Yup, like 2Step said, she’s pushing your buttons. Don’t let them be pushed. In my experience, the button pushing stage gets pretty intense. Refer to Wanda where her H is really being a jerk. He took her one and only shovel for goodness sake! It’s also about time that you do some redecorating of your own! This was suggested before and it’s time to hightail it! I’m thinking man cave. I wish we were all there because we would all love to help you on this project!
Ok, some really important things to highlight here like 2Step said. She was happy for awhile when she moved to her first place. Then, that didn’t pan out for her. Now, she’s on place #2 and this is definitely going to be the change she is looking for right??? Ummmm… wrong. That probably won’t pan out either. These WAS’s are looking for something, but most of them don’t have a single clue what and tend to attribute their issues to the wrong things and therefore cure their issues with the wrong things. She wasn’t happy, ok, that’s fine. Don’t you find it strange, though, that she chooses someone so far away to carry on an EA with? I mean if she was serious, wouldn’t she choose someone closer??? And she’s being a jerk because she’s got some confidence about her. Badly placed confidence, though, and that will also come crashing down around her. Listen, it’s tough out there and when the knocks start coming for her (and they will), what is she going to do then? You have an advantage in this situation, you have KNOWLEDGE. I’m willing to bet that she has no idea what is coming next in this process. She is in reaction mode full speed. That is why 2Step is really stressing that you stay out of reaction mode completely.
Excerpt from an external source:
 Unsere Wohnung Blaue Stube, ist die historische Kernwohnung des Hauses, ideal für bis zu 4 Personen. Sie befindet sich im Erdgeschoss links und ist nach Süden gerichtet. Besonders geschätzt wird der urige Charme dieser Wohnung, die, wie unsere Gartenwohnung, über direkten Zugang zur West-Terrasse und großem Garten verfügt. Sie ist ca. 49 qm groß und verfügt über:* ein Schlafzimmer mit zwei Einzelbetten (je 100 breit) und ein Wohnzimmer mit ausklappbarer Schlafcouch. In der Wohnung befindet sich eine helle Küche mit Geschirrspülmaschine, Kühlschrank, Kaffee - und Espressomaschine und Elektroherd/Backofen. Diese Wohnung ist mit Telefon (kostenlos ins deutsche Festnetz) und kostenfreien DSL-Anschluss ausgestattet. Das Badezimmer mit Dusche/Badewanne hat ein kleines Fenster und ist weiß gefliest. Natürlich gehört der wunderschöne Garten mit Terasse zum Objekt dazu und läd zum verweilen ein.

Your C – yes, I am very concerned about his advice. Sorry, I’m in the minority here and have been a couple of times in regards to reactions to your C’s advice. You have a goal here and I just think you should be supported in that goal because it is a good one. If you wanted to jump off a bridge, then no, I don’t think you should be supported on that. But you want to save your marriage and that’s an excellent goal. And I know he thinks and you think he’s just trying to protect you. But at the end of the day, I don’t think he is. I just have a real hard time with the advice to escalate things when it is your goal to calm them down. It just doesn’t make sense. And I understand what you said about liability, but you had those liabilities in your marriage?? You took that responsibility when you said, “I do.” Now, if she gets out of hand, then it’s time to reevaluate. I get it. But, I don’t think you’re there. So I would do anything possible not to escalate. Time is on your side right now and I would take full advantage of that. She doesn’t want to hand those rings back for a reason. Don’t force her hand by filing before you are ready to end it.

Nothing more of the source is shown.